Christian Felber, co-founder of the Economy for the Common Good, visited Turkey from May 29 to 31, 2024 for the first International Prosumer Economy Conference (IPEC 2024). On this event, Felber shared a panel with ecologist Uygar Özesmi, the initiator of IPEC 2024. The event was made possible by the Heinrich Böll Foundation in Turkey. As a possible next step, there are plans to support the establishment of an Economy for the Common Good Local Chapter by the second edition of IPEC in 2025.

The organising team succeeded at gathering a diverse group of representatives from various sustainable economic models ranging from Post-growth to Doughnut Economics, from CSA to Social and Solidary Economy, from Fair Trade Social Enterprises to the Economy for the Common Good. The conference presented opportunities for sharing ideas and networking amongst like-minded individuals and groups.
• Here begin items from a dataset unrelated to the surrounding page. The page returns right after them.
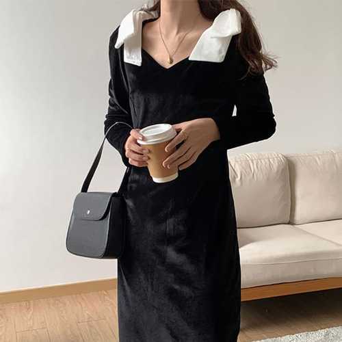 고급스러운 벨벳 날씬해 보이는 긴팔 원피스 추동 마이야르 스몰 블랙 스커트 슬림 머메이드 스커트
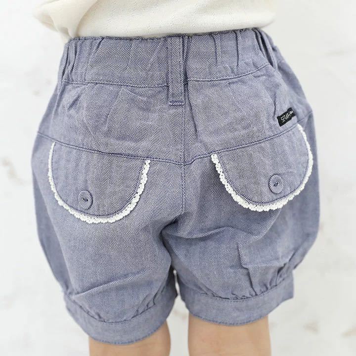 キッズ 子供 ベビー ズボン パンツ ショートパンツ ネイビー 青 ガール 女の子 レース 80 ベビー服
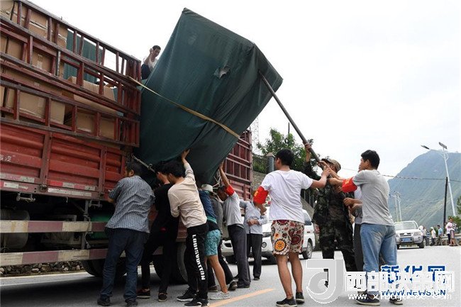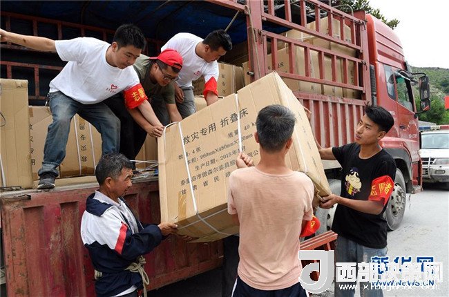 7月15日,在舟曲縣南峪鄉(xiāng),志愿者及村民從車輛上搬運(yùn)救災(zāi)物資。
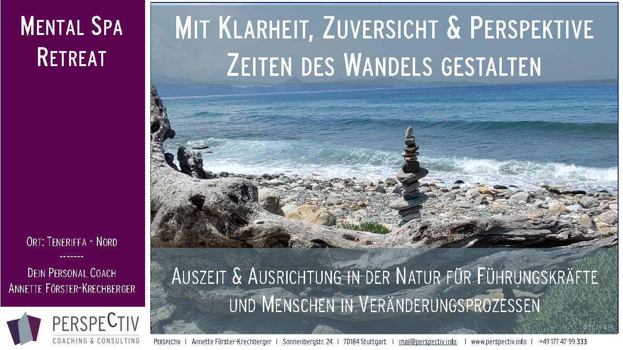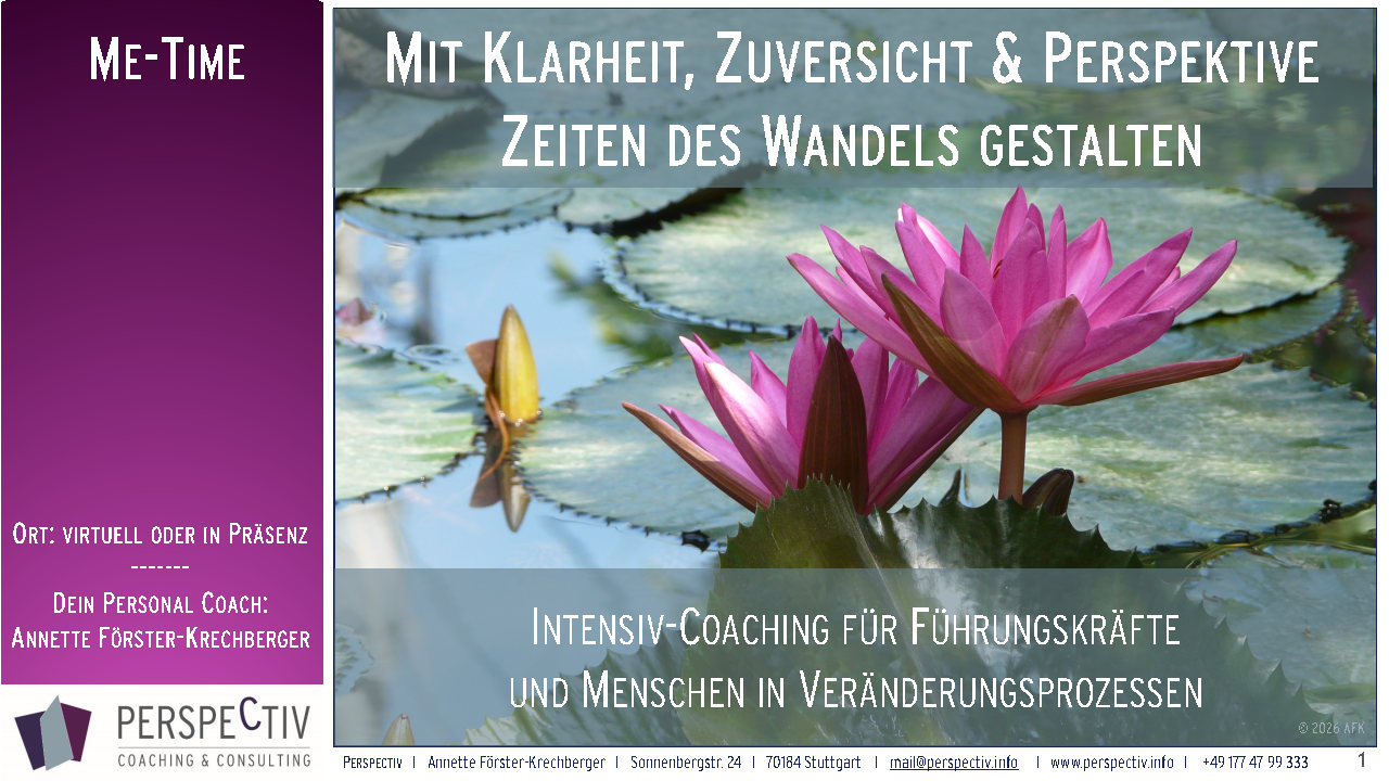 PERSPECTIV ist ein Netzwerk von Expertinnen und Experten, die jeweils bestimmte Kompetenzfelder abdecken. Gerne sind wir einzeln oder im Team für Sie da. Inhaberin von PERSPECTIV ist die Theologin, Pädagogin und ausgebildete Personal- und Organisationsentwicklerin Annette Förster-Krechberger. Sie gründete das Beratungsunternehmen mit Sitz in Stuttgart im Jahr 1990.
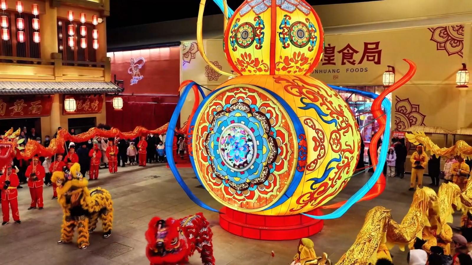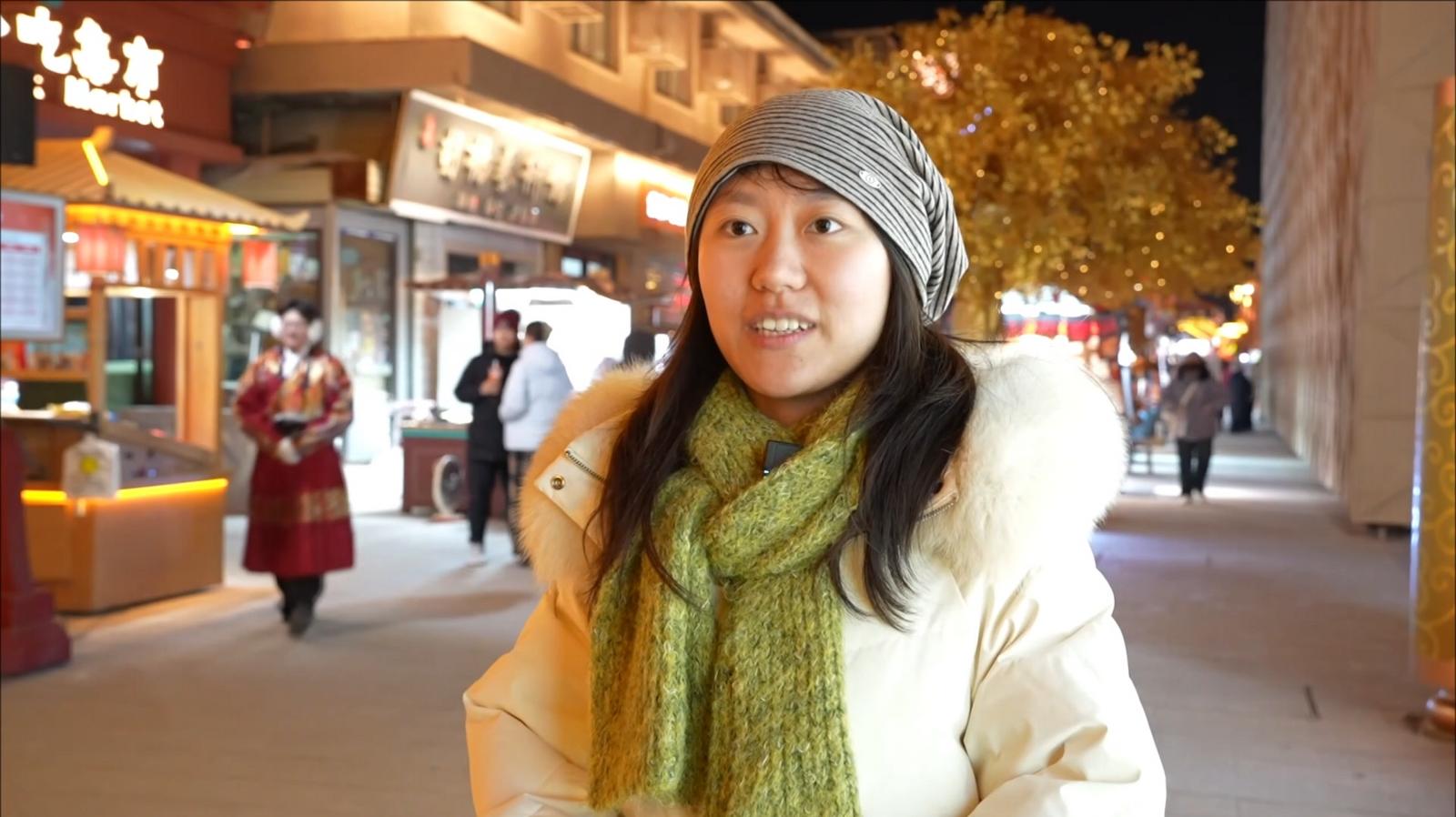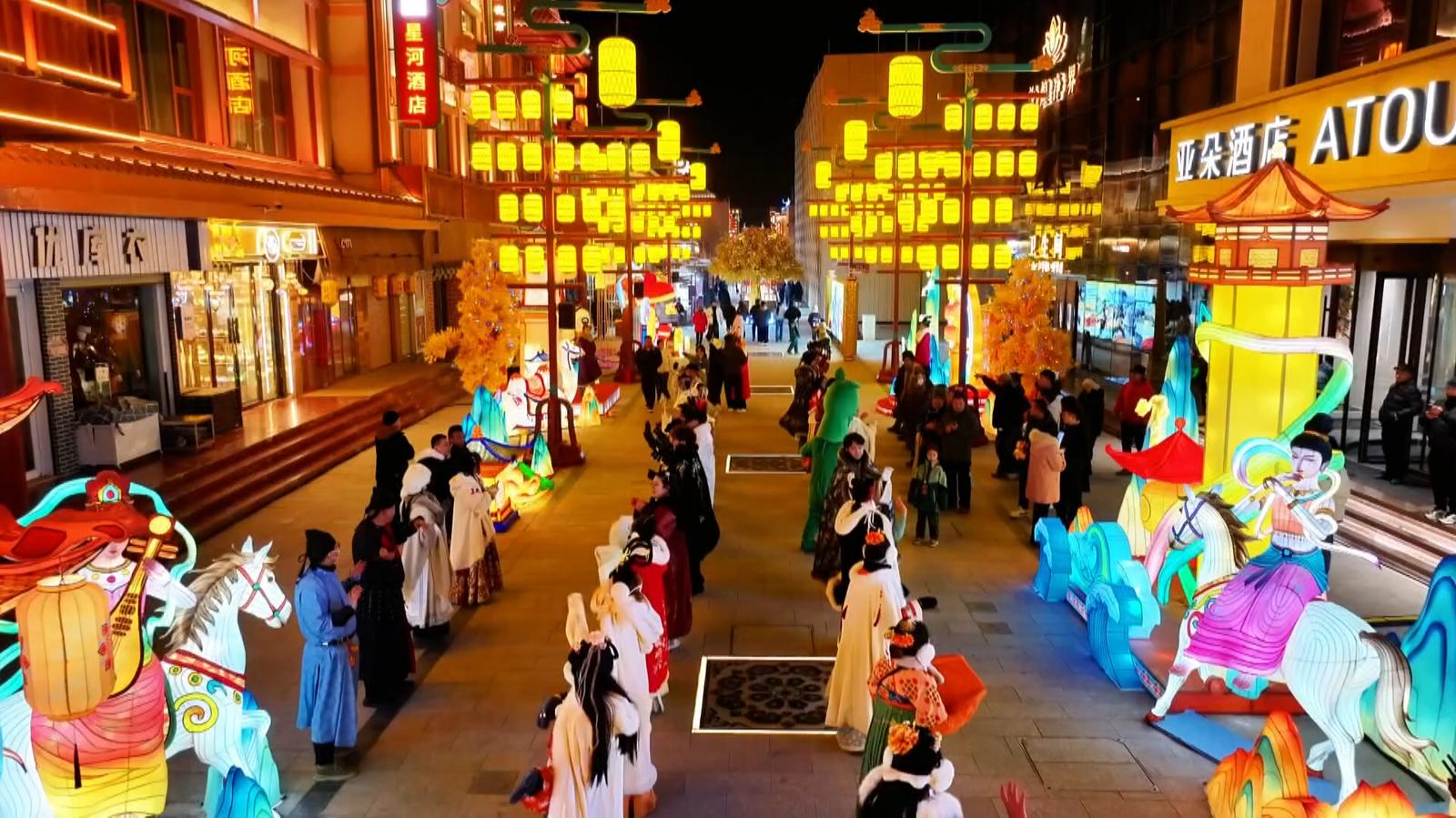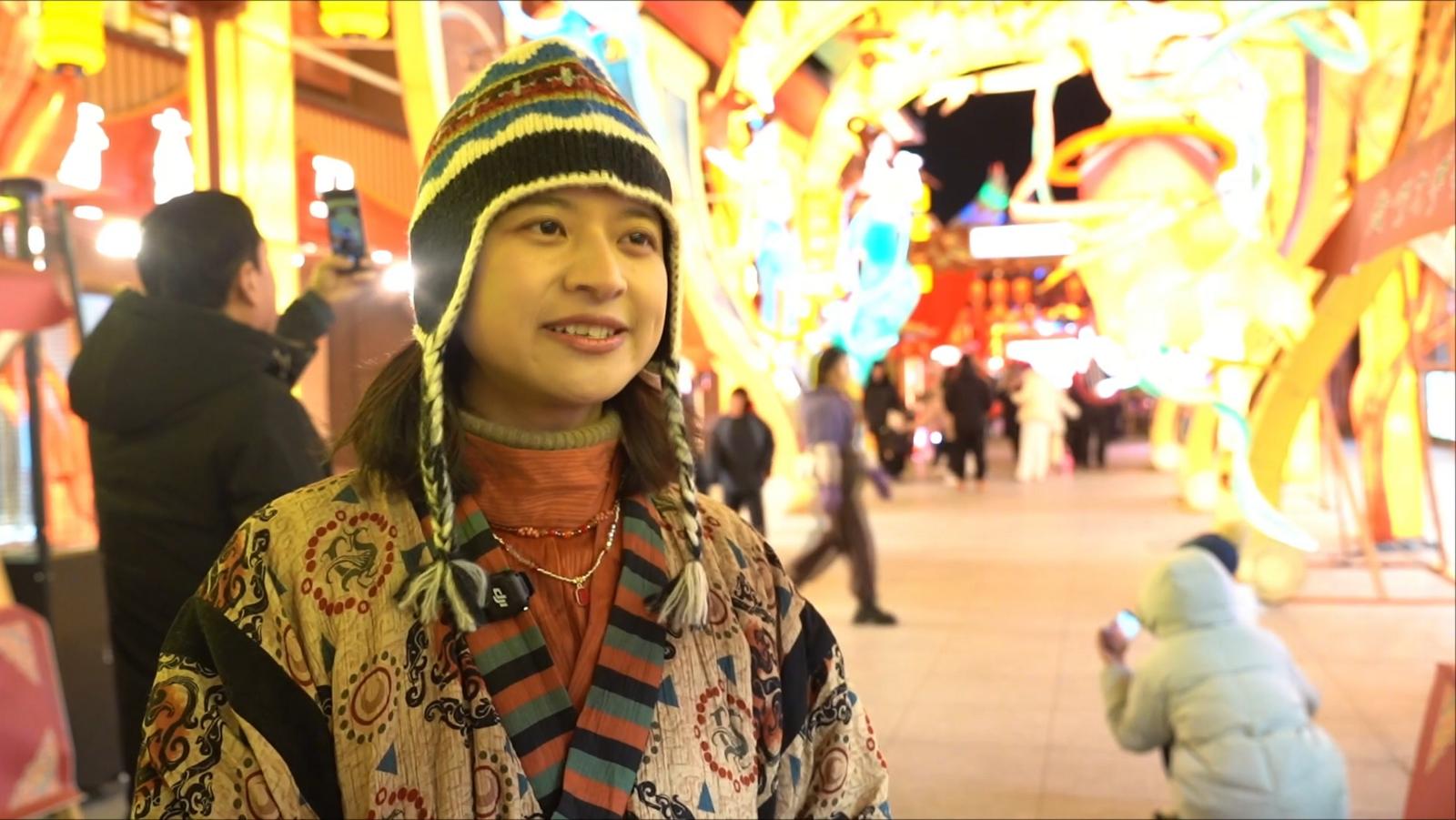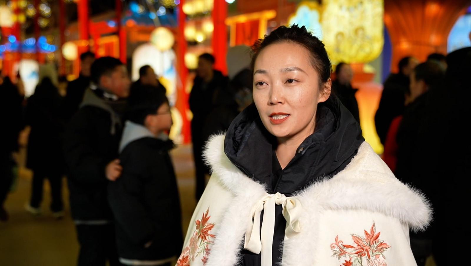 上海游客杨雯如说:“我感到整个灯会的布置非常精致好看,我在那边看到的很多灯,是十二生肖的形状,融合了中国的传统文化,还有莫高窟里面的一些动物的造型,我觉得就是把这个夜市点亮得非常出彩。”
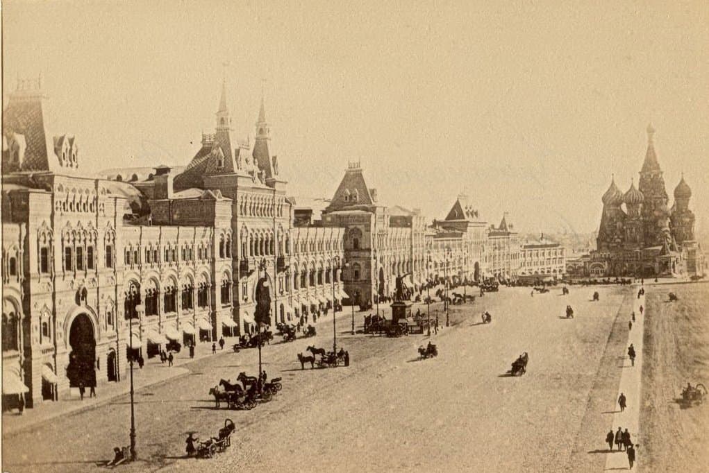 Торговля на территории современного ГУМа ведется с XV в. Историческое название комплекса — Верхние торговые ряды. Изначально Никольская, Ильинка и Варварка делили всю торговлю напротив Кремля на Верхние, Средние и Нижние ряды. Каждый блок внутри делился на ряды, по характеру товаров: Колокольный, Кафтанный и пр. В XV–XVI вв. торговля шла в деревянных лавках, при Борисе Годунове в 1596–1598 гг. появились и каменные постройки, но, несмотря на частые пожары, замена дерева камнем шла очень медленно. В 1780-х гг. передняя часть Верхних рядов со стороны Красной площади получила второй этаж и арочный фасад с десятиколонным портиком. Проект полной перестройки комплекса был разработан Джакомо Кваренги, но до конца так и не реализован.
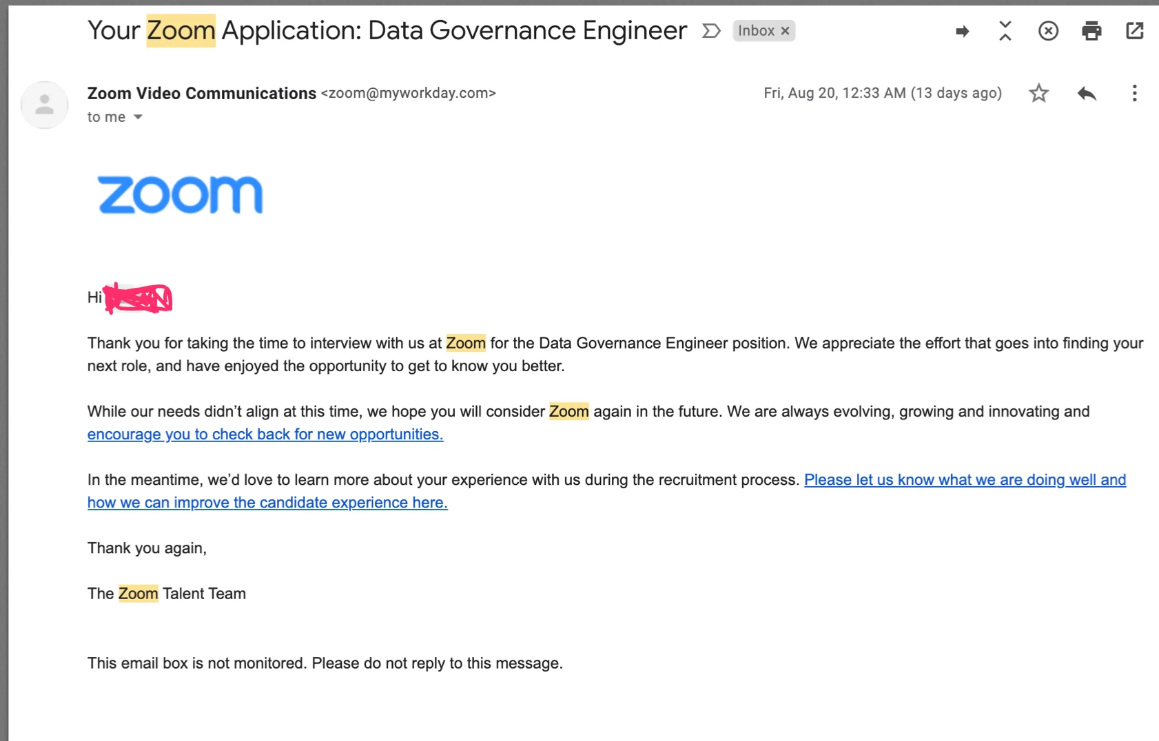 Received an email from Zoom about recent job interview. Identity theft or privacy breach on Zoom?
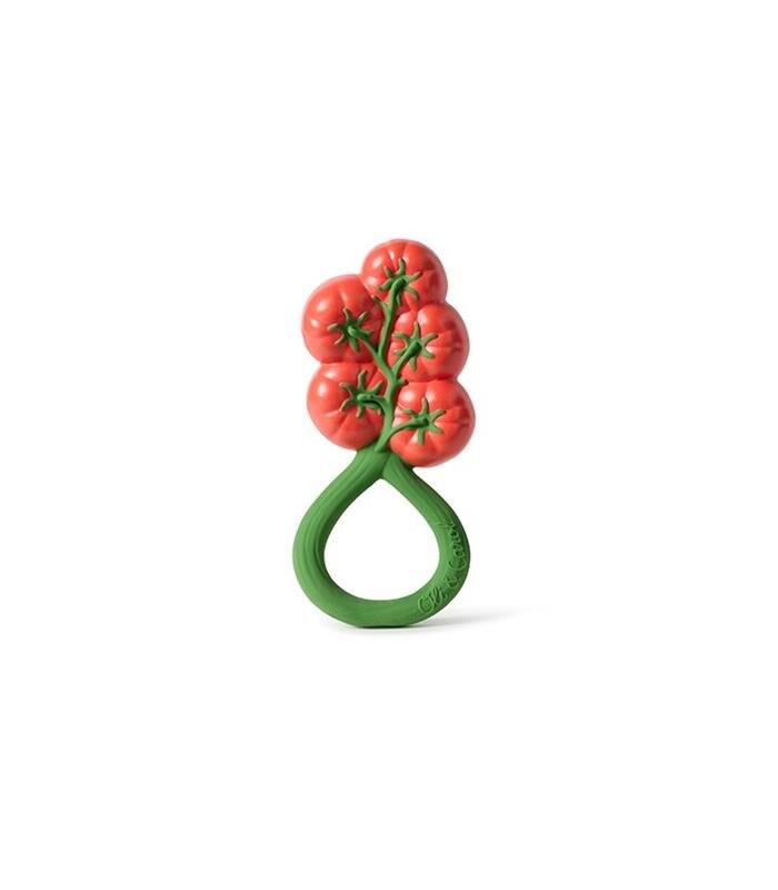 Прорезыватель-погремушка Oli & Carol Tomatoes изготовлен из 100% натурального каучука и расписан вручную натуральными растительными пигментами. Это идеальная игрушка для купания, массажа десен во время прорезывания зубов и сенсорных игр.
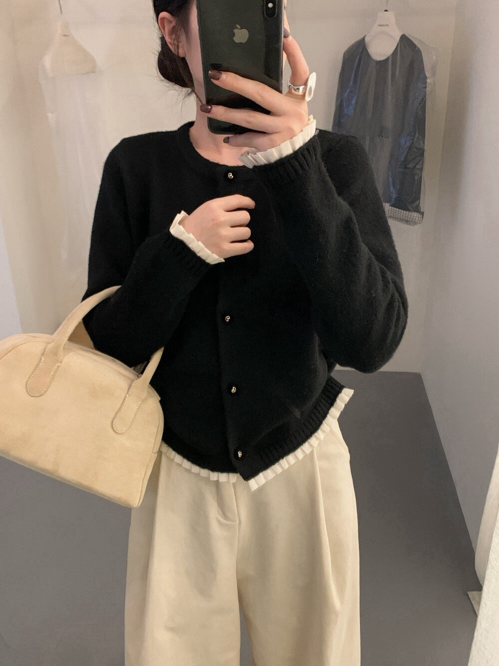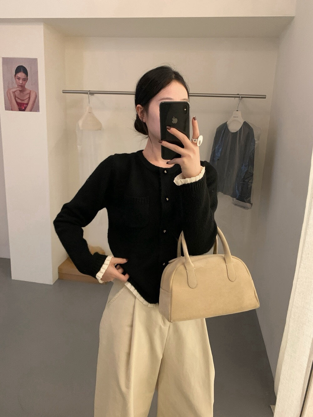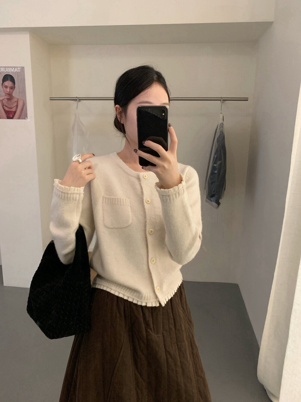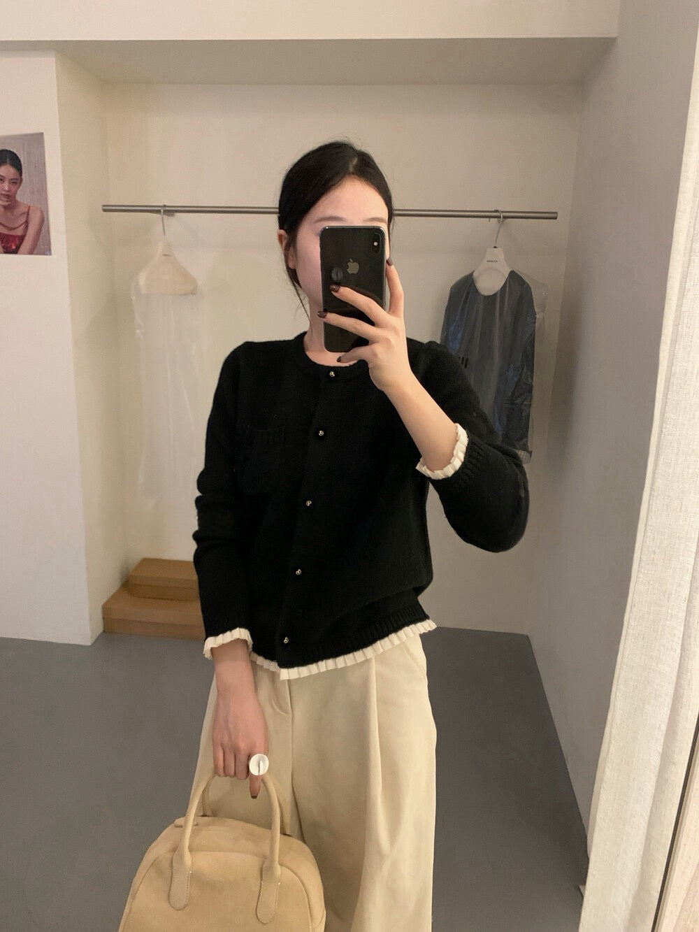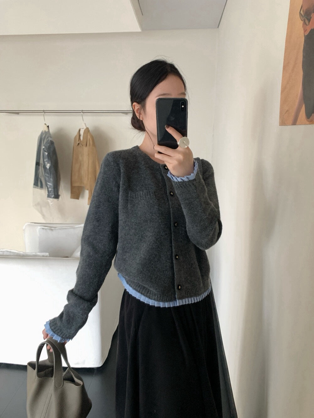 // 精緻鈕扣拼接百褶邊口袋軟糯CD

There were a number of important international guests, to mention a few: Vincent Liegey from the Degrowth movement, who is currently editing the Routledge Handbook on the topic; Leida Rijnhout from the World Fair Trade Organization, who is encouraging social entrepreneurship amongst fair producers and exporters from the Global South; internet security specialist Melanie Rieback, who is engaging for the end of extractive finance; and Amanda Kiessel from Good Market who is developing and offering a global infrastructure for initiatives of change.

Uygar Özesmi, Melanie Rieback, Amanda Kiessel, Leida Rijnhout, Vincent Liegey and Christian Felber.

Felber introduced the Economy for the Common Good on the main stage and related it to the planetary boundaries, the Doughnut, Fair Trade, and Social Enterprises. The message was warmly received, along with his dance moves, living up to the well-known nickname “dancing economist”. Apart from the panel, Felber had the opportunity to represent the model and organisation in a deep dive session with young climate activist Selin Usluer and an impromptu workshop between Christian Felber and Erinch Sahan emerged. The first introduced the opportunity to discuss power relations and the possibility of genuine change within the current political system, while the latter allowed them to contrast the Doughnut Design for Businesses (DDfB) and the Common Good Balance Sheet (CGBS). During this discussion, they discovered a large overlap between both tools and started a project to “map, match, and merge” them. They are now seeking volunteers interested in participating in this endeavor.

IPEC 2024 concluded with discussions on power relations, the future of democracy, and the possibility of “eternal peace”.